PARIS (Reuters) - Carrefour, the world’s No.2 retailer, expects a tough 2010 and is reviewing its Belgian operations, it said on Friday, as it posted a plunge in profits due to asset writedowns and a weak performance in France.
“I don’t see any significant improvement in the short term in the economic environment,” Chief Executive Lars Olofsson told a news conference. “That means very clearly...that we have to rely on our own performance (to drive growth).”
Carrefour, number two behind U.S. group Wal-Mart, launched a three-year transformation plan in June to tackle underperformance in its main western European markets, including making 4.5 billion euros ($6.1 billion) of savings.
The group said on Friday it would cut 500 million euros of costs this year, up from its previous goal of 450 million, and would continue to use savings from negotiating more favourable purchasing deals with suppliers to cut prices.
It will also meet worker representatives next week to discuss the future of its Belgian operations, which have struggled for years amid intense competition from rivals like Delhaize and Colruyt.

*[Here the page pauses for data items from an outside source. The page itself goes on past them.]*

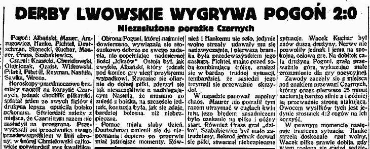 Через неделю Погонь уступает и Варте из Познани, и это при том, что к 35 минуте львовяне ведут 2:0 (отличились Бач и Вацлав Кухар), но победный счет удержан не был, более того, уступили 2:3. Вообще в том сезоне стопроцентный результат был достигнут лишь с ЛКС, 2:0 и 6:1 не дадут Погони осесть на дне, а победа над Вартой (7:0) едва не вывела Львов на третью строчку... Однако Вацлав Кухар становится вторым снайпером чемпионата, лишь на один гол отстав от Юзефа Калюжи из Краковии, сохранившей чемпионский титул. До великой эпохи чемпионств осталось совсем недолго!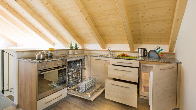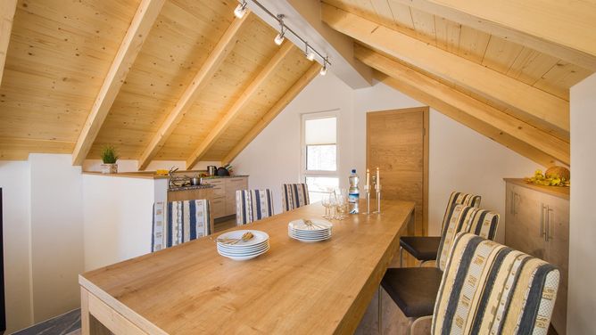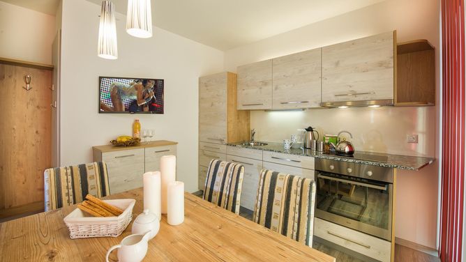 Bij de uitrusting van het hoogwaardig vormgegeven appartementencomplex horen een receptie, Wi-Fi, restaurant en een afsluitbare skikelder met skischoenendroger en een oplaadstation voor elektrische auto's.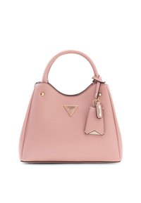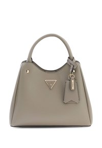 Sac à main en cuir gris clair avec poignée arrondie, ferrures dorées et logo triangulaire Guess sur le devant avec une étiquette suspendue.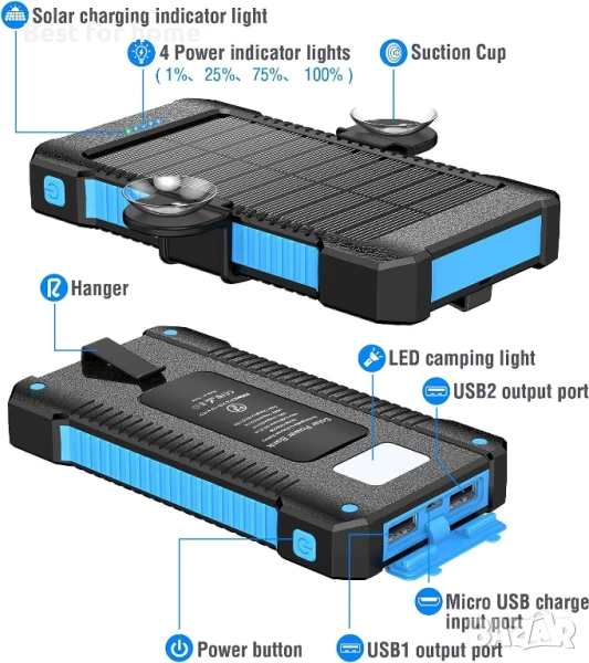 【Много портове и широка съвместимост】Слънчевото зарядно устройство е проектирано с три USB порта за зареждане. Два USB изхода ви позволяват да зареждате две устройства едновременно. Входният порт е за зареждане на самата батерия. Кабелът за зареждане е включен, което ви спестява разходи за закупуване на кабели за зареждане. То е широко съвместимо с повечето USB устройства за зареждане.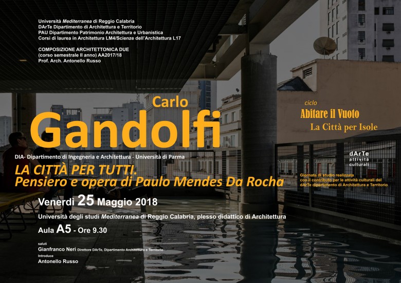 Carlo Gandolfi articolerà una comunicazione rivolta a tutti gli studenti di architettura dal titolo La città per tutti. Pensiero e opera di Paulo Mendes Da Rocha.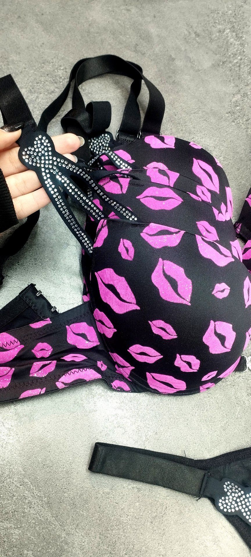 ست شورت و سوتین طرح لب بنفش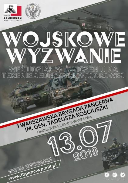 Zajęcia odbędą się w dniu 13 lipca 2019 r. w godzinach 10.00 – 19.00 na terenie 1. Warszawskiej Brygady Pancernej w Warszawie Wesołej (stawiennictwo do godz. 9.45 w Klubie 1. WBPanc przy ulicy Plac Wojska Polskiego 129.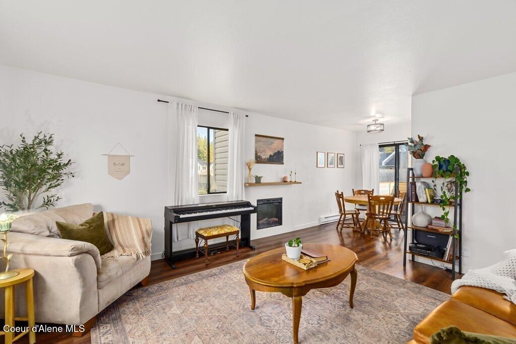 Well maintained and thoughtfully updated 2 bedroom, 1 bathroom condo in a prime Hayden location. The open layout creates a comfortable flow between the living, dining, and kitchen areas, anchored by a cozy wood burning fireplace. Recent updates include new laminate flooring throughout, new light fixtures and all fresh paint, giving the home a clean, modern feel. The kitchen includes a range and dishwasher, and the deck provides a quiet outdoor retreat with mountain views.This unit includes a one car carport and secure storage closet plus designated visitor parking nearby. HOA amenities include two pristine community pools, tennis courts, and walking paths, with water, sewer, snow removal, and lawn care included in the dues.Located approximately one mile from shopping and Honeysuckle Beach on Hayden Lake, this move in ready condo offers low maintenance living with access to recreation and everyday conveniences.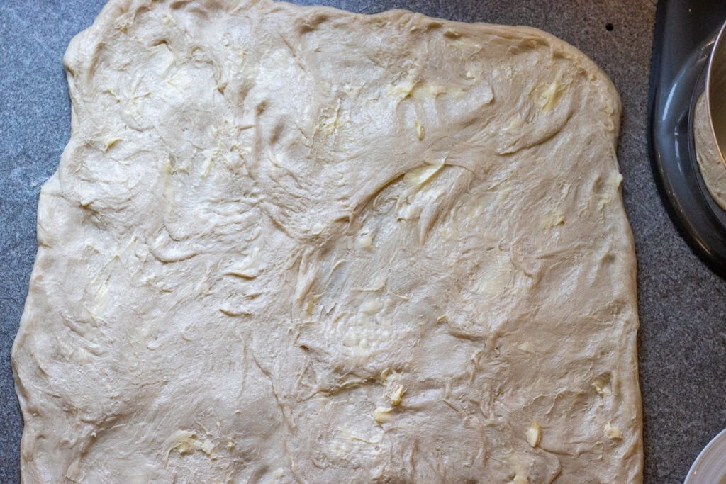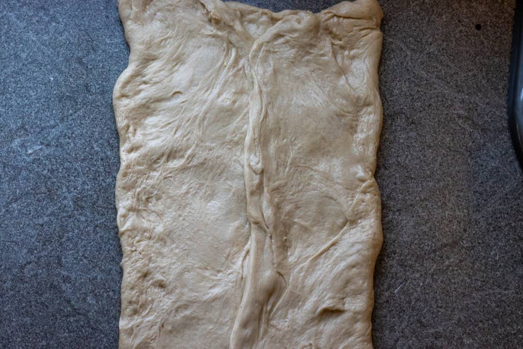 - Next, press down gently on the dough to shape it into a rectangular shape to a size of 10" x 17" (27 cm x 44cm).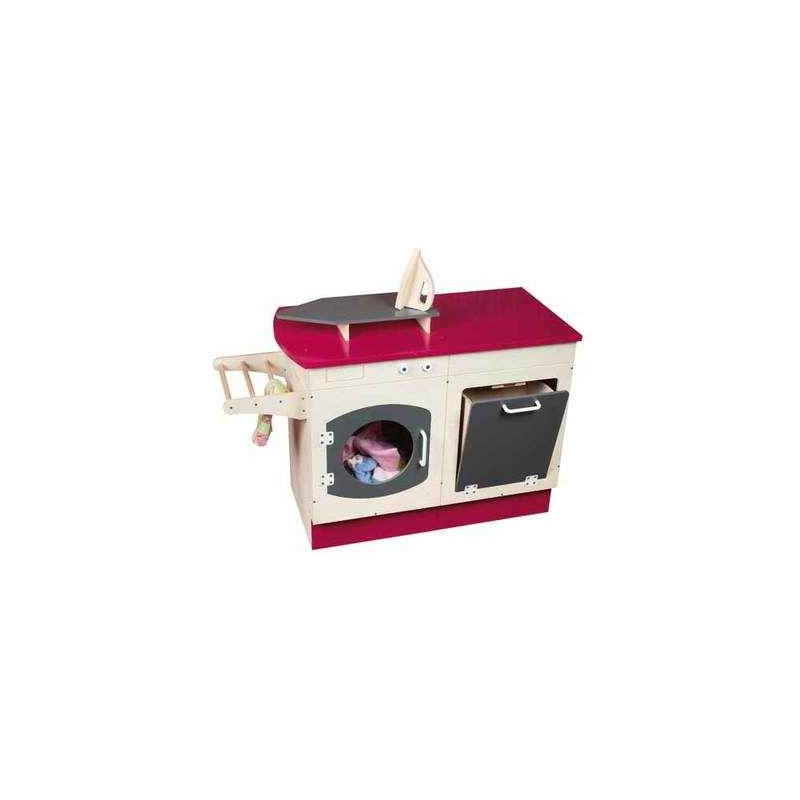 Le meuble comprend une table à repasser et son fer, un lave-linge avec hublot, un tiroir de rangement et un séchoir. Structure en multiplis bouleau naturel et laqué gris/bordeaux. Livré non monté. Jouet fabriqué en France. Bois issu de forêts durablement gérées et certi?é PEFC.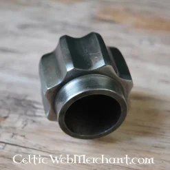 Dette er en kopi af en middelalderlig stridskølle hoved, lavet af støbt stål. Det har en Tykkelse ca. 5 til 6 mm, højden er 5-6 cm, og det har et øje på ca.. 29 mm. Det weigha 0,4 kg.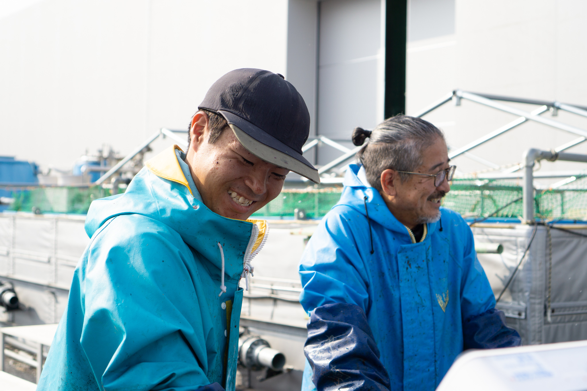 専門知識やスキルは必要なく、少しずつ慣れていく中で「魚を扱う仕事」の奥深さと面白さを感じられます。締め作業で魚を手に取り、「こいつ、立派やなぁ」と声を漏らしていたのはスタッフの神﨑さん。手塩にかけて育てた魚の出荷を感慨深く見送るその目には、穏やかに流れる毎日の中にしっかりとした充実感が映っていました。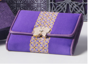 小钱包面料为电脑提花工艺,装饰纹样、配色与“紫金草国际和平纪念章绶带”一致,皮质包镶。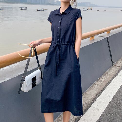 全2色 麻綿リネンコットン ワンピース ひざ丈 ミディ丈 大きいサイズ 襟付き 半袖 ウエストリボン シンプル ハイウエスト カジュアル お出かけ リゾート デート デイリー 普段着 夏 ネイビー カーキ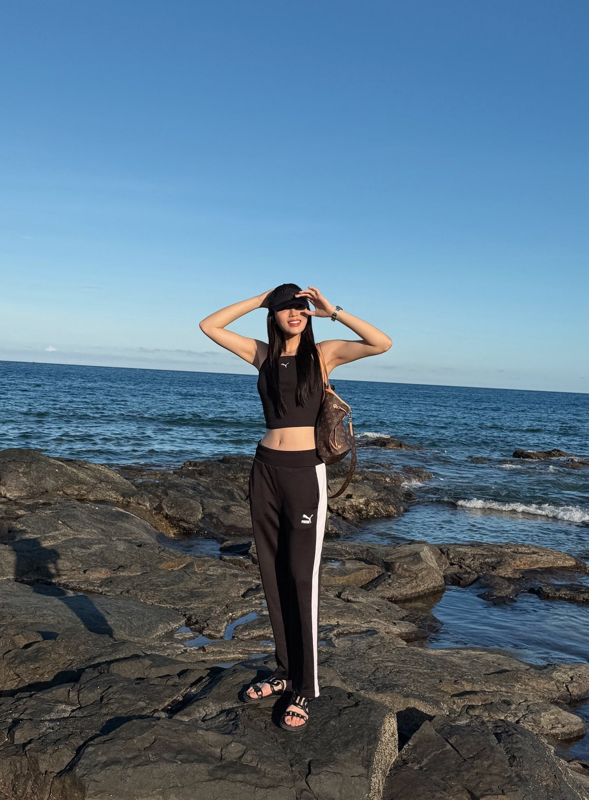 Hoa hậu Kỳ Duyên diện đồ khỏe khoắn tôn bụng phẳng khi chụp hình ở biển Phú Yên. Ảnh: FB Nguyen Cao Ky Duyen

Olofsson said his “firm intention” was to remain in Belgium, where the group employs about 16,000 people, but that it would have to be on a “redefined footing.” He declined to comment further or to discuss whether there would be job losses.
Retailers across the world are struggling amid signs a tentative economy recovery has yet to boost consumer spending and fears that steps to bring down government deficits, like raising taxes, could hit confidence in the months ahead.
Wal-Mart gave a profit outlook on Thursday that disappointed analysts.
Carrefour, which has over 15,500 stores in 35 countries, said operating profit before one-off items fell 16 percent to 2.78 billion euros last year, hit by a 1.2 percent fall in sales to 85.96 billion and price cuts to lure cash-strapped shoppers.
That was in line with its own forecast, but included a 27 percent drop in French profits, which analysts said was weaker than expected and particularly disappointing given the firm beat forecasts with 590 million euros of cost cuts in 2009.
“They’re investing more in France than elsewhere,” said Bernstein analyst Chris Hogbin. “(It) shows the task they have ahead of them.”
At 1200 GMT Carrefour shares, which have outperformed the DJ Stoxx European retail index by 19 percent this year on hopes for its turnaround plan, were down 1.5 percent.
Carrefour’s shares trade at about 15.2 times earnings forecasts for 2010, above Wal-Mart on 15 and Britain’s Tesco on 13.2, according to Reuters data.
“We believe that Carrefour’s premium for ‘recovery’ is unjustified,” said RBS analyst Justin Scarborough, keeping a “sell” rating on the shares.
Olofsson said on the sidelines of the news conference that he believed Carrefour had “touched the bottom” in France.
Net profit plunged 70 percent to 385 million euros, hit by 1.1 billion euros of one-off charges mainly due to a write-down of assets in Italy.
That was well below analysts’ average forecast of 917 million euros in a Reuters poll, but was offset by news the group is selling its 20 percent stake in Italian retailer Finiper and cancelled an option to buy the remaining 80 percent.
That would cut debt by 450 million euros and remove off-balance liabilities of 850 million, Carrefour said.
Capital spending was 2.14 billion euros in 2009 and the group said it would invest a similar amount this year.
It will focus on rolling out new store formats that have proved successful in France, like discount chain Dia, as well as expanding in faster-growing markets like Brazil and China.
The firm also reaffirmed its aim to set up a cash-and-carry business in India with a local partner in 2010.
It kept an unchanged dividend of 1.08 euros.